Hello and thank you for responding.
I did not toggle WiFi off and restart iPhone. But I did discover a couple things that did work through trial and error during a series of iPhone restarts with WiFi toggle on the entire time. And before I get into that, we have two iPhone 8 Pluses in the house and two 2017 iPads. Both iPhone 8 Pluses experience the exact same problems during troubleshooting described below. And neither iPad 2017 experienced connectivity issues at any time. Finally, both iPhones and both iPads remained on iOS 13.7 until early November, the 1st for her iPhone and the 2nd for mine. So, I believe what that means is both our iPhones went from iOS 13.7 directly to iOS 14.1. Then, when iOS 14.2 came out on 11/5, I installed that on both iPhones. But regardless, both 14.1 and 14.2 gave me the exact same WiFi connectivity issues.

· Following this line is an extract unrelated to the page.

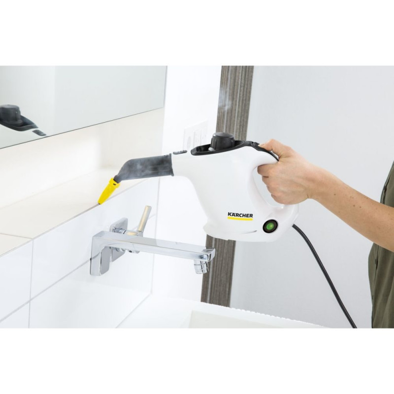 The compact Kärcher 2-in-1 steam mop SC 1 EasyFix (with floor cleaning set) can be used universally throughout the household and cleans absolutely chemical-free. Thorough cleaning with the Kärcher steam cleaner eliminates up to 99.999 % of viruses1 and 99.99 % of all common household bacteria2 on standard household hard surfaces. Thanks to its compact dimensions, the device is predestined for quick, thorough cleaning on the go. It can then be stowed away directly at the place of use without taking up much space. Whether taps, tiles, hobs, extractor hoods or the smallest cracks and niches - powerful steam and the extensive range of accessories ensure perfect cleanliness. The EasyFix floor cleaning set makes the practical hand-held steam cleaner ready for floor cleaning in no time at all. Stubborn dirt and grease deposits are removed in an instant.

I have two WiFi routers in the house, one primary WiFi with integrated cable modem and one secondary WiFi which is hard-wired to the primary and has a wireless satellite based on the other side of the house. So, all my troubleshooting began with the primary WiFi, unplugging the secondary WiFi, restarting the primary, then restarting the secondary WiFi. Switching between the primary and secondary WiFi systems resulted in two outcomes: either the iPhone screen icon indicated WiFi was connected and Settings in WiFi indicated connected but none of the apps requiring Internet connection on the iPhone would work because of no connection; or everything would work normally for a short periods of time such as anywhere from two minutes to maybe 20 minutes tops before things stopped connecting again.
The first real solution I found after repeatedly switching back and forth between my home WiFi routers and doing multiple iPhone restarts, all ending in one of the two outcomes above, I connected to a nearby xfinity wifi hotspot in the neighborhood. After doing that the iPhones both stayed connected. The only issue was the bandwidth and download speed of the free xfinity wifi hotspot was less than desirable in many cases and untenable in several cases. So, I went back to doing more extensive research online by trying searches based on more detailed and specific phrases and discovered a thread where a guy had narrowed the problem down to the "Private Address" setting in WiFi settings.
After toggling that setting off, both iPhones worked well on either of our WiFi systems for up to about two hours when both iPhones somehow automatically toggled "Private Address" setting back on which broke connection to WiFi again. So, I togged the "Private Address" setting back off manually, restarted both iPhones, both restarted with the "Private Address" setting turned off. So, on 11/6 both iPhones were connected to each of our WiFi systems, the "Private Address" setting was toggled off, both iPhones were restarted, and both came back online connected to the WiFi system it was shut down connected to with the "Private Address" setting toggled off. And since then, we have been able to switch back and forth between our two WiFi systems without any connectivity problems.
Both my WiFi routers are configured to only allow MAC ID's that I enter manually using admin consoles. And I realize it is possible to go back and reconfigure my WiFi routers to allow whatever randomly generated private address the iOS 14.x is generating. But frankly, I prefer to keep using the MAC ID at the machine level.